The main question the researchers had was: Is all myocarditis essentially the same? To find out, they looked at the outcomes that occurred after the initial hospitalization for myocarditis: readmissions for myocarditis, cardiovascular events, and heart failureThis explains the fact that people who have developed myocarditis after vaccination, including deaths, were originally healthy.
Here we show the hazard ratio, which is the relative proportion of a particular event between people with vaccine- or viral-induced myocarditis and those with traditional myocarditis, which form the reference group.
The pattern is pretty clear: post-vaccination myocarditis has a better outcome than classic myocarditis, and post-infectious myocarditis has a similar outcome to classic myocarditis.
This is not to say that post-vaccination myocarditis is benign. There is an event here. One person died, likely due to complications from post-vaccination myocarditis. Of course, there were four deaths in the post-infection myocarditis group.
These results held up in several related sensitivity analyses, including one in which people who developed myocarditis within 30 days of vaccination were classified as having postvaccination myocarditis, instead of the traditional seven-day period.
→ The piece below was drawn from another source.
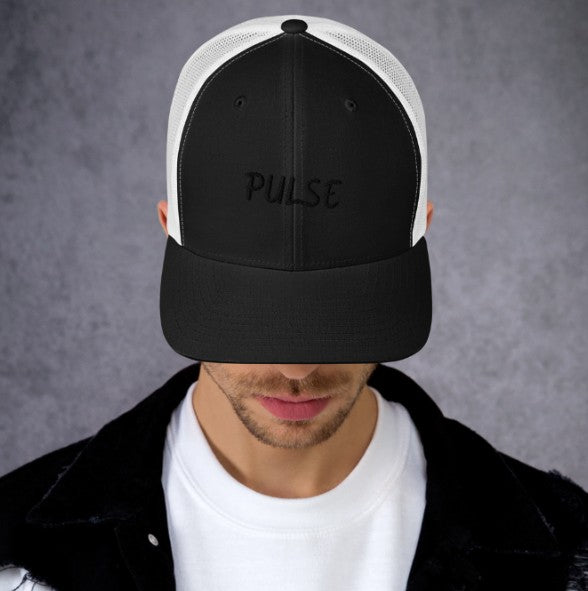 Gorra tipo trucker con seis paneles y rejilla en la parte posterior.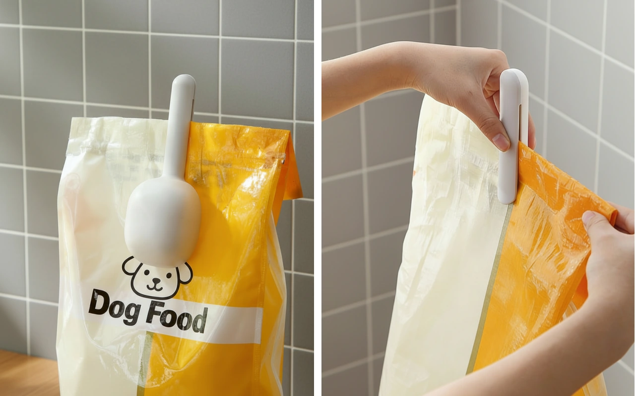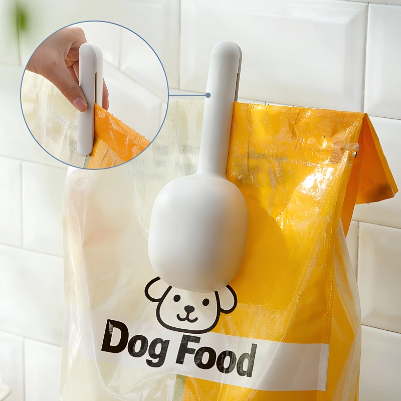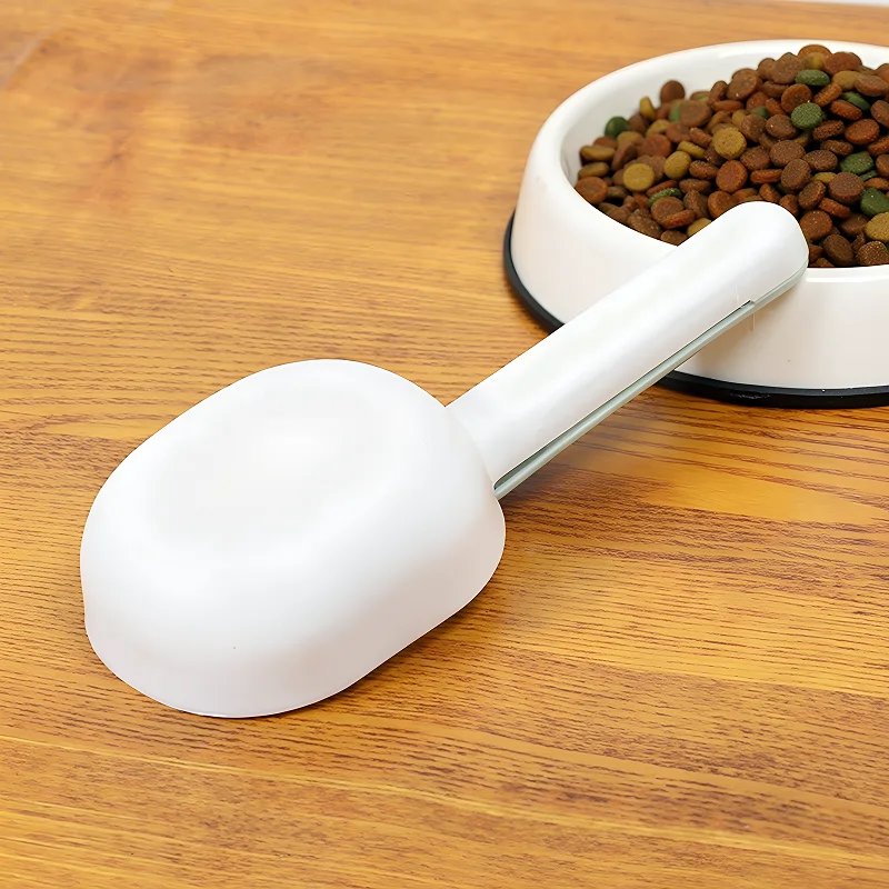Adoro usar esta colher todos os dias porque mantém minhas mãos limpas e a ração nunca derrama. O clip realmente ajuda a comida a ficar fresca por mais tempo.

So what is going on here? It's not entirely clear. Logically, since both the vaccine and the virus cause myocarditis, something common to both must be the cause. And the two things common to both are the mRNA code and the spike protein that results from it. Given that the myocarditis is worse after infection, as seen in this study, it lends credence to the hypothesis that the spike protein is causing an inflammatory response to the heart muscle cells, possibly through molecular mimicry. It's just that in the case of the vaccine, the dose of the spike protein is self-limiting. But the COVID virus itself has the whole package of proteins to produce more spike protein than is inoculated. That's how life finds a way.
But let's answer the fundamental question at the heart of all these studies: Are the risks of the vaccine worth the benefits? The answer is that myocarditis is not the answer. Whether post-vaccination or post-COVID, this outcome is too rare to significantly influence rational decision-making. It's like deciding whether to carry a flask of whiskey in your pocket based on its ability to stop bullets.
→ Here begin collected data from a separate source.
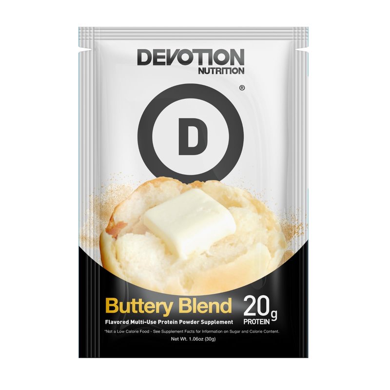 Devotion Nutrition Protein Powder Blend | Gluten Free, Keto Friendly, No Added Sugars | 1g MCT | 20g Whey & Micellar Protein | 12 Single Serving Packets (Buttery Blend)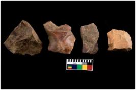 | Description / विवरण | There are n 4 of utilized worked cores. They show multidirectional irregular dominant scar pattern and have flat base. Two are having sharp edges. |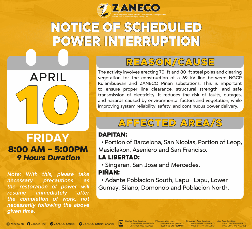 Notice of Scheduled Power Interruption TSD – April 10, 2026.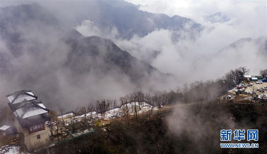 11月17日無人機拍攝的華山蒼龍嶺。 當日凌晨的一場大雪將西岳華山變成白雪皚皚的世界,白雪與蒼翠的華山奇松、靈動的云海交相輝映,如夢如幻;滿山遍野玉樹瓊花,樹枝上通體的霧凇晶瑩剔透,繪就冬日畫境,美不勝收,游人如置身人間仙境。 新華社記者陶明攝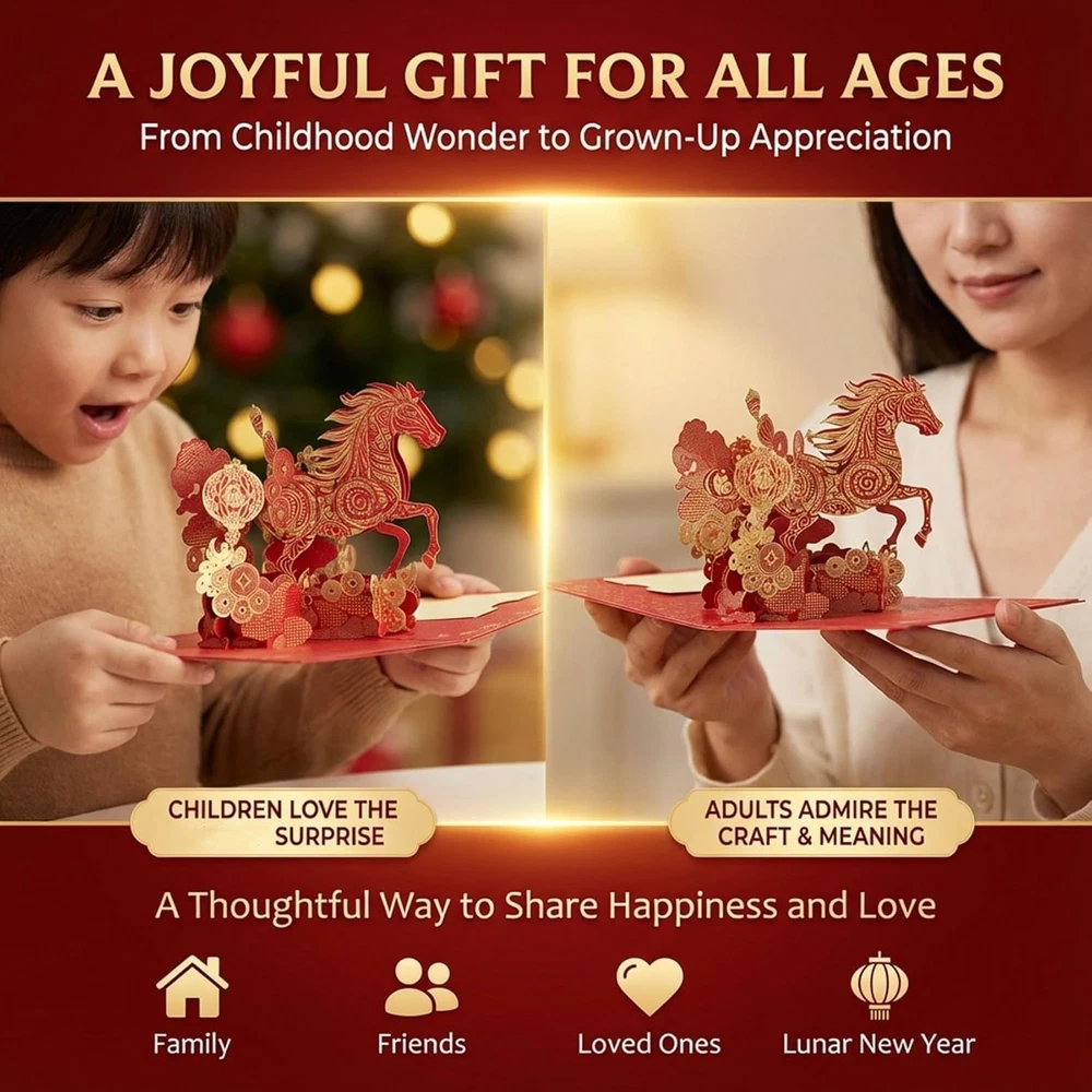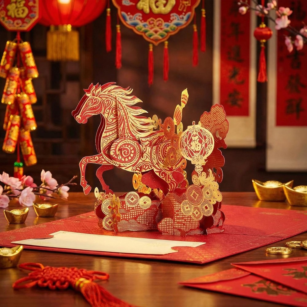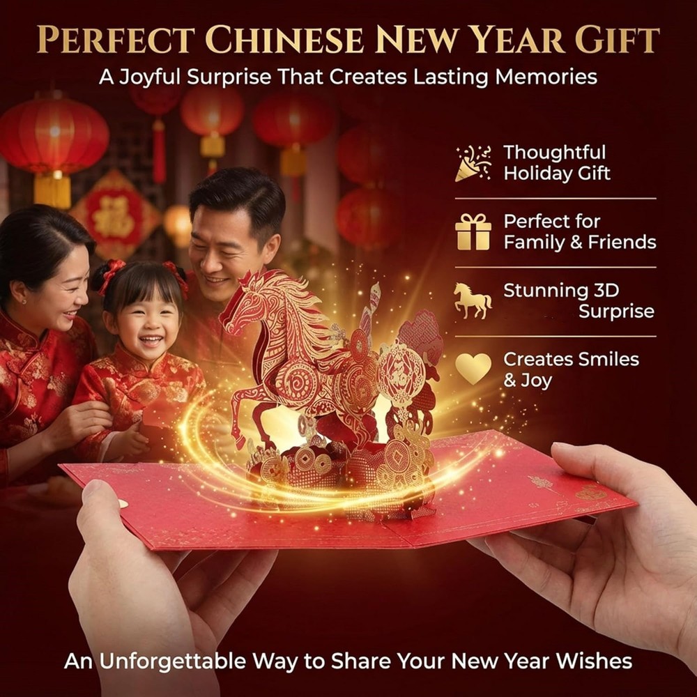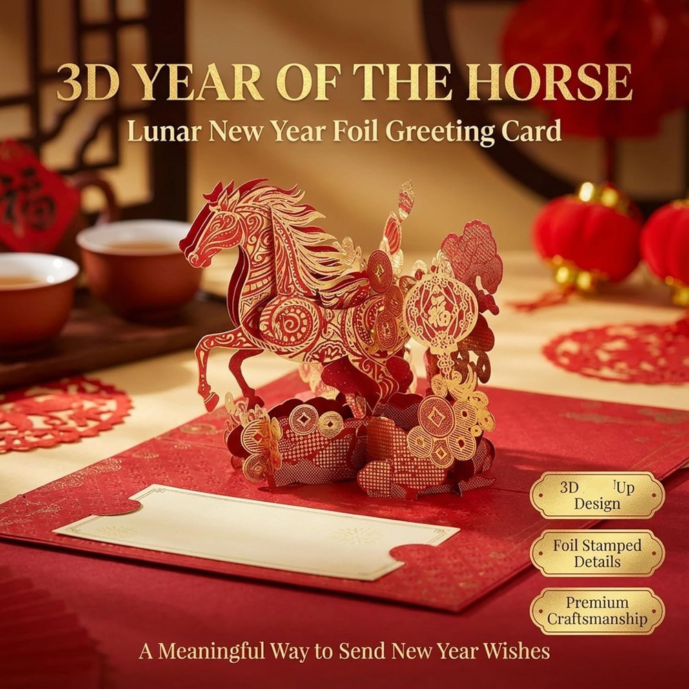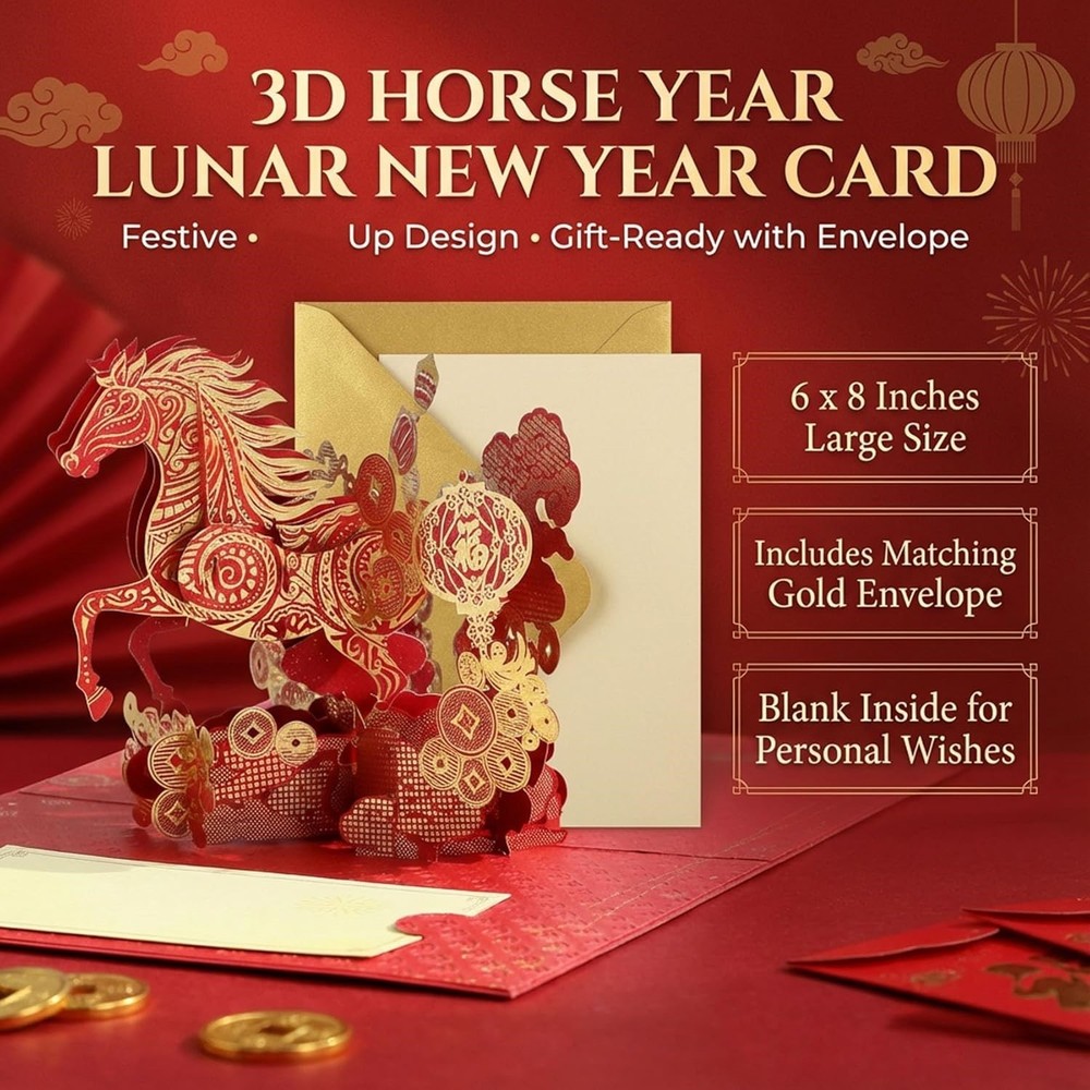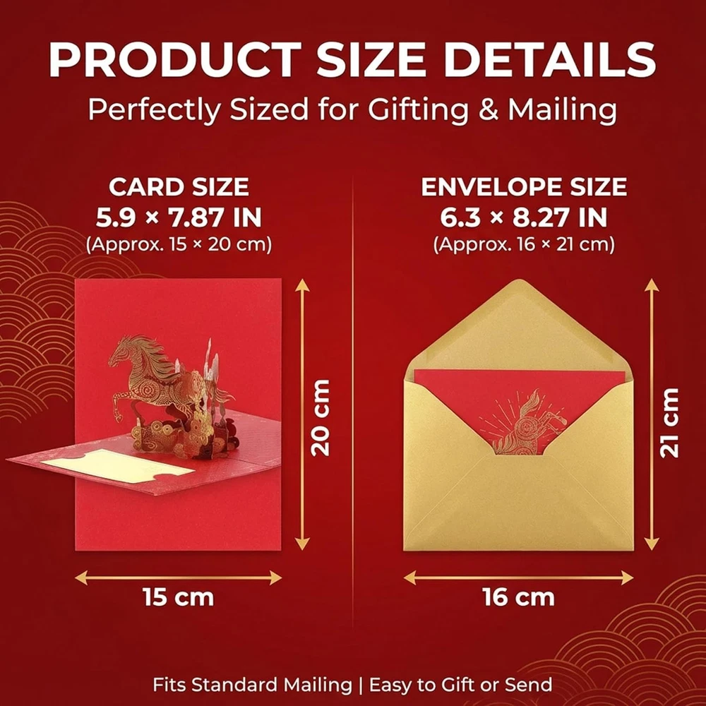 3D Foil Stamping New Year’s Greeting Cards, Year Of The Horse 2026 Features: 3D New Year the Horse Design Rich in Traditional Symbolism A Meaningful 2026 Lunar New Year Gift Specification: Greeting card size: 15x20CM/ 5.9 × 7.87inch Envelope size: 16x21CM/ 6.3 × 8.27inch Material: paper Package include: 1 Pc * 3D Foil Stamping New Year’s Greeting Cards Notes: 1. The products are all measured by hand, there is a slight deviation 2. Due to different shooting lights and monitors, there may be a little color difference

To make an informed decision about vaccination, and with vaccination season fast approaching, totalling Risk and totalling Benefits. Most data suggests that for most people, the benefits significantly outweigh the risks. If we were the average human being, we would probably choose to get vaccinated.
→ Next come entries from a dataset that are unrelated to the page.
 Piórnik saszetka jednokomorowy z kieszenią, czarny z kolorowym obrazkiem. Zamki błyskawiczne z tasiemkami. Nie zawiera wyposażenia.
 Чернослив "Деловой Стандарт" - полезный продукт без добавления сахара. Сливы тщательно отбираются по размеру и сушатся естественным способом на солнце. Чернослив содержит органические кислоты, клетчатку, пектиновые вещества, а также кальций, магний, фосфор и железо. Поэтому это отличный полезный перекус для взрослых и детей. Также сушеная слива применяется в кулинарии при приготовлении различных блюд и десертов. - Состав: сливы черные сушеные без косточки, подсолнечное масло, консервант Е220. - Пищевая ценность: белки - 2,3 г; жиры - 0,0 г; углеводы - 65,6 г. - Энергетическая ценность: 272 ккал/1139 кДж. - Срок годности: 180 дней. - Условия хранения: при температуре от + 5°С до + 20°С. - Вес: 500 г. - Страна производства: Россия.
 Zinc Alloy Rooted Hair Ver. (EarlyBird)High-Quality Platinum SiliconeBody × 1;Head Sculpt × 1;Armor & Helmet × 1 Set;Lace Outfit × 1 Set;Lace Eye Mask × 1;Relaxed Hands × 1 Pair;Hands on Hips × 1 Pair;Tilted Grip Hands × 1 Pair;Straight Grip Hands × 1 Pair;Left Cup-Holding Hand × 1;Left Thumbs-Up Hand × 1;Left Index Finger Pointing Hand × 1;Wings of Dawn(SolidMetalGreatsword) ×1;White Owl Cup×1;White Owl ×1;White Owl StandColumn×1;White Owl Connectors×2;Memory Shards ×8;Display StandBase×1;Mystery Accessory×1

However, humans are subject to what are called cognitive biases. Fear risk biasWhen the outcome itself is particularly egregious, we think of the outcome as more likely than it actually is. This is where the myocarditis story gets us in trouble and affects vaccination rates. Myocarditis is a horrible thing. And like a shark attack, we act as if the outcome is more likely than it really is.
I'm not saying you shouldn't worry about vaccine side effects or the effects of COVID — at the end of the day, these decisions are personal — but just because they're personal doesn't mean they aren't rational.
F. Perry Wilson, MD, MSCE, is an associate professor of medicine and public health and director of the Clinical and Translational Research Accelerator at Yale University. His science communication articles can be found on Huffington Post, NPR, and here on Medscape. He tweeted: Perry WilsonAnd his book, How drugs work and when they don't, is now available.